SECURITIES AND EXCHANGE COMMISSION

Washington, D.C. 20549

 

 

FORM 8-K

 

 

CURRENT REPORT

Pursuant to Section 13 or 15(d) of the Securities Exchange Act of 1934

Date of Report (Date of earliest event reported): December 5, 2013

 

 

ORGANOVO HOLDINGS, INC.

(Exact name of registrant as specified in its charter)

 

 

Commission File Number: 001-35996

 

Delaware   27-1488943

(State or other jurisdiction

of incorporation)

 

(I.R.S. Employer

Identification No.)

6275 Nancy Ridge Dr.,

San Diego, California 92121

(Address of principal executive offices, including zip code)

(858) 224-1000

(Registrant’s telephone number, including area code)
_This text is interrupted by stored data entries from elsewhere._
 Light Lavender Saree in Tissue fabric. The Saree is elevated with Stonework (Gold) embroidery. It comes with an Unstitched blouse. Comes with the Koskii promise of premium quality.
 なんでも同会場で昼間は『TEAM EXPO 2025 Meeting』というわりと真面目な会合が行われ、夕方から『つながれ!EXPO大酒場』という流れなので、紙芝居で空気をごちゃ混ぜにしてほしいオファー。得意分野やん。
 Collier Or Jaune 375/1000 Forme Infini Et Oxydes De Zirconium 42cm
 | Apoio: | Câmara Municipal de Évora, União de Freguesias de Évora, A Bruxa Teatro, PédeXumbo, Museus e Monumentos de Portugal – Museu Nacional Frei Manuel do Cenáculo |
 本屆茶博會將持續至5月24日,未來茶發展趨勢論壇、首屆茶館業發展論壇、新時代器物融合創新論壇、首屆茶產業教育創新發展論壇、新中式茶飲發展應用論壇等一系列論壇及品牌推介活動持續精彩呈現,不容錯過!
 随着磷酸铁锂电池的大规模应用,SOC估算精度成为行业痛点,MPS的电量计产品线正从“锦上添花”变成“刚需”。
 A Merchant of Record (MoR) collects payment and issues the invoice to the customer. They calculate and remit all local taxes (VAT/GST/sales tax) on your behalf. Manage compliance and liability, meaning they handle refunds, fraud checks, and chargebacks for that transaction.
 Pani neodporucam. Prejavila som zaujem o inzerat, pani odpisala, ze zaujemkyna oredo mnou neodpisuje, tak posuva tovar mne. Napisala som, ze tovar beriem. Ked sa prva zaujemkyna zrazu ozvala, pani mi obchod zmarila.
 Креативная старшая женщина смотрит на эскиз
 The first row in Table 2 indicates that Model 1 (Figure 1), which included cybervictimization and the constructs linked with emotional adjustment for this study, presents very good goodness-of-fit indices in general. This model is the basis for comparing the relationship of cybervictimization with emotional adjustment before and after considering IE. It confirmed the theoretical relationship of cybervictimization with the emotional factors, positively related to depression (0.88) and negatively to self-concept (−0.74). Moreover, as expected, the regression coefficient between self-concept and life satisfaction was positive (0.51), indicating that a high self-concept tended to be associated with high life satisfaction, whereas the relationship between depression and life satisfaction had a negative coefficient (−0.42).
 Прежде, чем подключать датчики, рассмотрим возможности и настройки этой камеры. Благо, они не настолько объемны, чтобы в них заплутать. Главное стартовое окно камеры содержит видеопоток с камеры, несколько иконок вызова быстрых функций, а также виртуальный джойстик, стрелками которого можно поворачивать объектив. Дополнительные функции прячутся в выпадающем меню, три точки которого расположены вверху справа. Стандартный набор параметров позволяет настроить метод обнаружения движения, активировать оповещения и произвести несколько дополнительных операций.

(Former Name or Former Address, if Changed Since Last Report)

 

 

Check the appropriate box below if the Form 8-K filing is intended to simultaneously satisfy the filing obligation of the registrant under any of the following provisions (see General Instruction A.2. below):

 

¨ Written communications pursuant to Rule 425 under the Securities Act (17 CFR 230.425)

 

¨ Soliciting material pursuant to Rule 14a-12 under the Exchange Act (17 CFR 240.14a-12)

 

¨ Pre-commencement communications pursuant to Rule 14d-2(b) under the Exchange Act (17 CFR 240.14d-2(b))

 

¨ Pre-commencement communications pursuant to Rule 13e-4(c) under the Exchange Act (17 CFR 240.13e-4(c))

 

 

 


Item 1.01 Entry into a Material Definitive Agreement.

On December 5, 2013, Organovo Holdings, Inc. (the “Company”) entered into a First Amendment (the “Amendment”) to that certain Lease Agreement (the “Original Lease”, together with the Amendment, the “Amended Lease”), dated as of February 27, 2012, by and between the Company and ARE — SD Region No. 25, LLC (“ARE”) for the Company’s corporate headquarters at 6275 Nancy Ridge Drive, Suite 110, San Diego, CA 92121. Pursuant to the Amendment, the Company expanded the size of its facility by approximately 15,268 square feet (the “Expansion Premises”) from approximately 15,539 square feet (the “Original Premises”) for a total of approximately 30,807 square feet. The Amended Lease provides for base rent (i) on the Original Premises to continue at approximately $38,800 per month, with annual escalators, until August 1, 2016 at which point the base rent shall be payable at the same rate per rentable square foot as the Expansion Premises and (ii) on the Expansion Premises of approximately $38,934 per month, with 3% annual escalators, not to commence until two months after the earlier of (A) the date that ARE delivers possession of the Expansion Premises to the Company with the work in the Expansion Lab Premises (as defined in the Amendment) substantially complete and (B) the date ARE could have delivered the Expansion Premises with the work in the Expansion Lab Premises (as defined in the Amendment) substantially complete but for certain delays of the Company. Additionally, the Company has a right of first refusal on adjacent additional premises of approximately 14,500 square feet. The term of the Amended Lease expires on the seven-year anniversary of the earlier of (A) the date that ARE delivers possession of the Expansion Premises to the Company and (B) the date ARE could have delivered the Expansion Premises but for certain delays of the Company (the “Expansion Premises Commencement Date”), with an option for the Company to extend the Amended Lease at the end of the term. The target Expansion Premises Commencement Date is September 1, 2014. The Company also has the option to terminate the Amended Lease on the 5-year anniversary of the Expansion Premises Commencement Date. The Company intends for the Expansion Premises to contain office, laboratory, and clean room areas.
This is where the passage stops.